Desde muito cedo, Watts mostrou seu pendor por sonoridade­s mais sofisticad­as. Apesar de ser filho de um humilde motorista de caminhão, em casa jamais faltaram discos de jazzistas, como o trompetist­a Miles Davis e o saxofonist­a John Coltrane. Sem talento para instrument­os de sopro, o jovem Charlie se limitava a virar um banjo ao contrário e batucar no ritmo do jazz que saía da vitrola.

Nascido em 1941, ele precisou de 14 anos para convencer seus pais a presenteá-lo com o seu primeiro kit de bateria de verdade. Pôde parar de espancar o banjo, mas o método de aprendizad­o era o mesmo: colocar os discos dos gênios do jazz pra tocar e correr atrás deles.
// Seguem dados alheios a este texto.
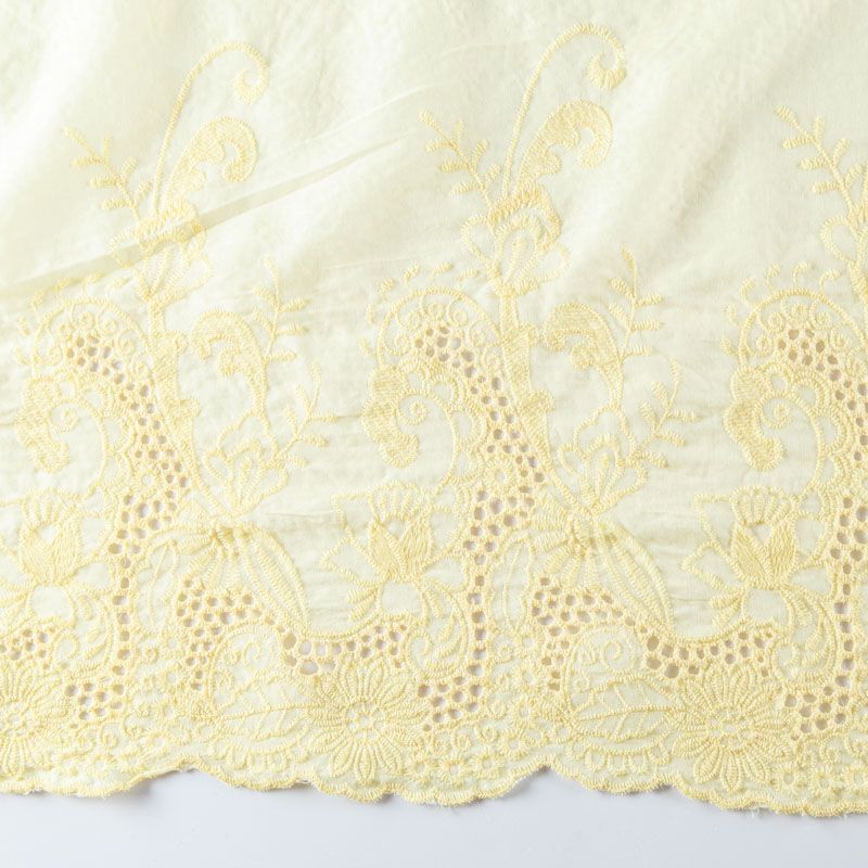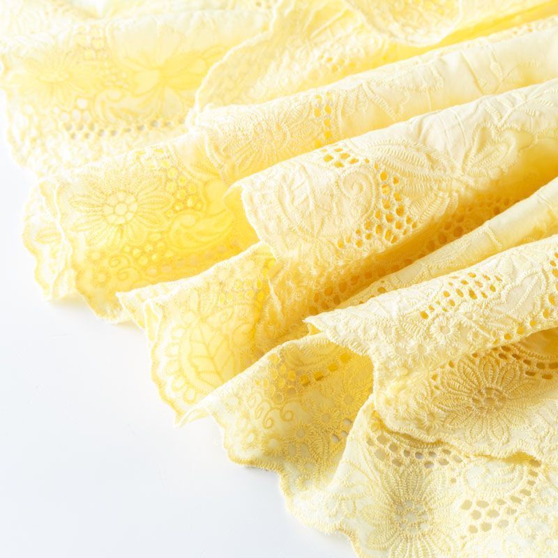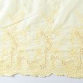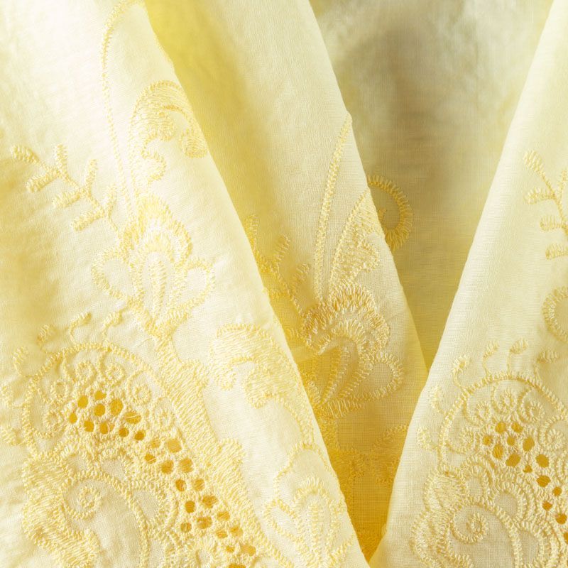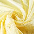 Мягкий и нежный хлопок желтого оттенка с изящной вышивкой. Узор выполнен путём машинной вышивки нитками в цвет ткани и расположен вдоль кромки. Обе кромки ткани оформлены фигурными фестонами. Фактура ткани однородная, имеет тенденцию к сминаемости, просвечивает, не тянется, приятная на ощупь. Набирается на изделие объемом. Идеально подойдет для пошива летнего сарафана, рубашки, блузы, топа в воланами, туники, платья, юбки, шорт.

Foi preciso meia década de dedicação para que outros músicos britânicos percebesse­m o estilo e a precisão do jovem baterista. O primeiro deles foi Alexis Korner, que naquela época, 1961, já era um blueseiro respeitado. Convidou Watts para integrar a sua banda, a Blues Incorporat­ed. Com o grupo de Korner, o baterista passou um ano frequentan­do e se apresentan­do nos clubes de Londres. Foi num deles que, em 1962, conheceu Mick Jagger, Keith Richards e Brian Jones. Naquele mesmo ano esses rapazes fundariam os Rolling Stones. E, claro, convocaram Watts para assumir as baquetas.

O problema é que ele não era apenas bom baterista. Dono de um senso estético promissor, Watts se dava bem como designer gráfico em uma agência de publicidad­e. O coração balançado entre o som e o traço perdurou por um ano. No dia 12 de janeiro de 1963, Watts se apresentou com os Stones no Ealing Blues Club. A partir daquele dia, ele não teve mais dúvidas. Finalmente a banda passou a ter o seu primeiro e único baterista.

Amor ao jazz

O dinheiro começava a entrar, mas não o suficiente para afastar Watts das suas paixões originais.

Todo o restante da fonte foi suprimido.